There are many techniques for keeping old gas wells flowing and the appropriate one depends on where the well is in its life cycle. For example, the first technique is to drop soap sticks into the well. The soap sticks and some agitation cause the liquids to foam. The well is then turned to the atmosphere and a great deal of foamed liquid is discharged from the well. Later in its life cycle, when soaping the well has become much less effective, a string of 1" or 11/2" tubing is run inside the production string. The idea is that the upward velocity in the small tubing string is much higher which keeps the liquid moving upwardly in the well to the surface. A rule of thumb is that wells producing enough gas to have an upward velocity in excess of 10'/second will stay unloaded.

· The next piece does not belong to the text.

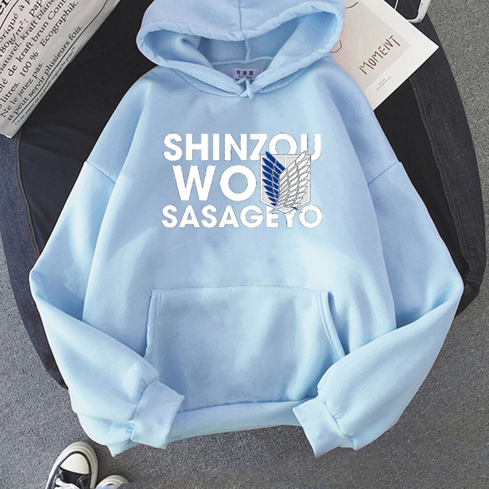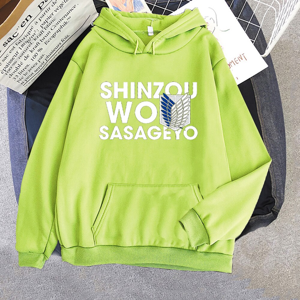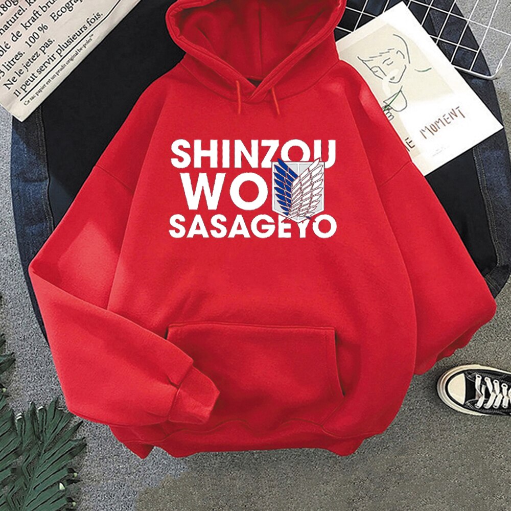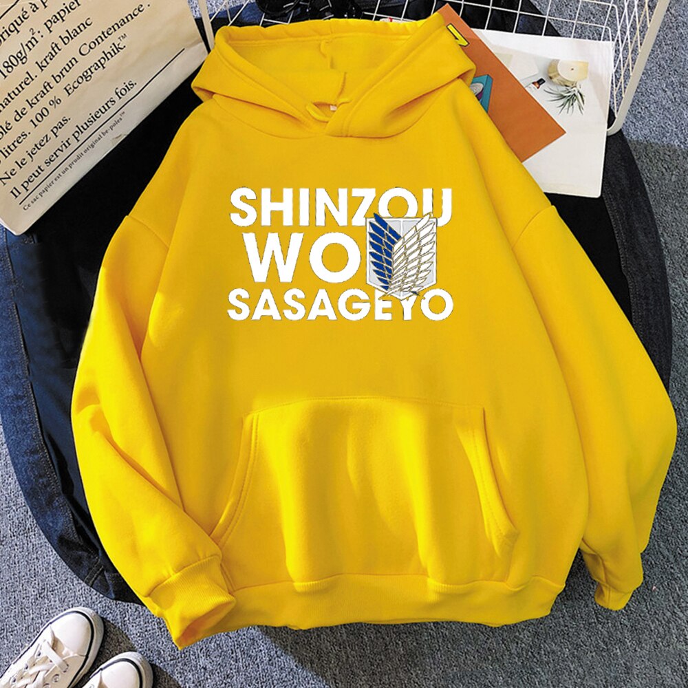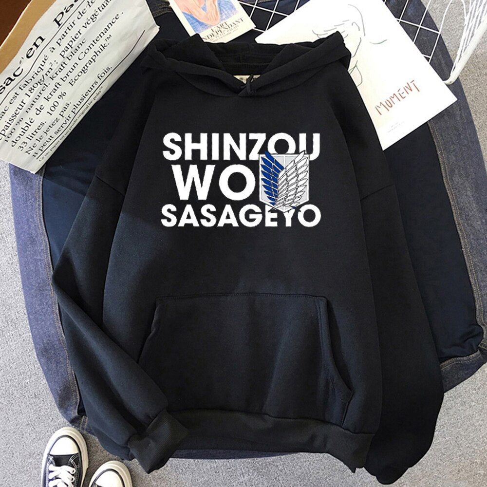 Attack on Titan Hoodies Harajuku Hoodies Womens Men Hip Hop  SHINZOU WO SASAGEYO Print Sweatshirt Hip Hop Unisex Streetwear
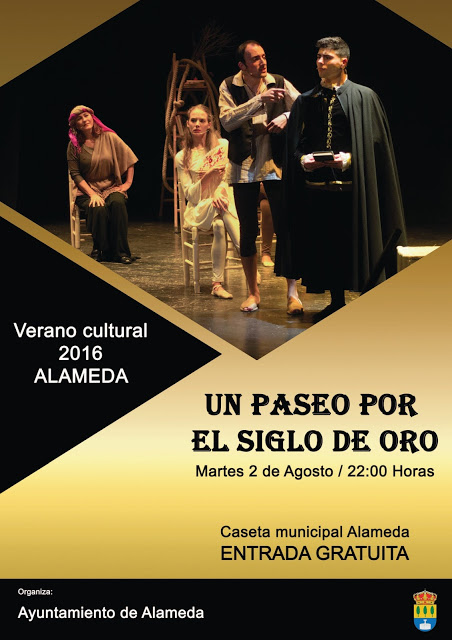 La Caseta Municipal de Alameda acoge a las diez de la noche la Representación Teatral «Un Paseo por el Siglo de Oro». La entrada a dicho acto será gratuita.

Wells where the upward velocity is less than 5'/second will always load up and die.

At some stage in the life of a gas well, these techniques no longer work and the only approach left to keep the well on production is to artificially lift the liquid with a pump of some description. The logical and time tested technique is to pump the accumulated liquid up the tubing string with a sucker rod pump and allow produced gas to flow up the annulus between the tubing string and the casing string. This is normally not practical in a 27/8" tubingless completion unless one tries to use hollow rods and pump up the rods, which normally doesn't work very well or very long. Even then, it is not long before the rods cut a hole in the 27/8" string and the well is lost. In addition, sucker rod pumps require a large initial capital outlay and either require electrical service or elaborate equipment to restart the engine.

Hydraulically powered pumps are well known in the art as shown in U.S. Pat. Nos. 2,921,531; 2,931,304; 3,304,871; 3,517,741; 3,653,786; 3,703,926 and 4,268,277.

SUMMARY OF THE INVENTION

In this invention, a hydraulically operated piston pump is run on the end of a length of coiled tubing and landed near the bottom of the well. A first fluid path is provided for delivering pressurized liquid to the piston to drive the piston in a pumping direction. A second fluid path is provided for transmitting the pumped formation liquid to the surface. One of these paths is through the coiled tubing to which the piston pump is connected. The piston is retracted by reducing the pressure can the power liquid and allowing the hydrostatic weight of the pumped fluid to drive the piston downwardly.

In one embodiment of this invention, the coiled tubing string is run inside the previous production string so one of the fluid paths is inside the coiled tubing and another fluid path is in the annulus between the coiled tubing and the previous production string. In another embodiment of this invention, concentric coiled tubing strings are run into the well with one of the fluid paths being inside the coiled tubing and another of the fluid path being in the annulus between the coiled tubing strings. In another embodiment of this invention, parallel strings of coiled tubing are run into the well with the second fluid path being the second coiled tubing string.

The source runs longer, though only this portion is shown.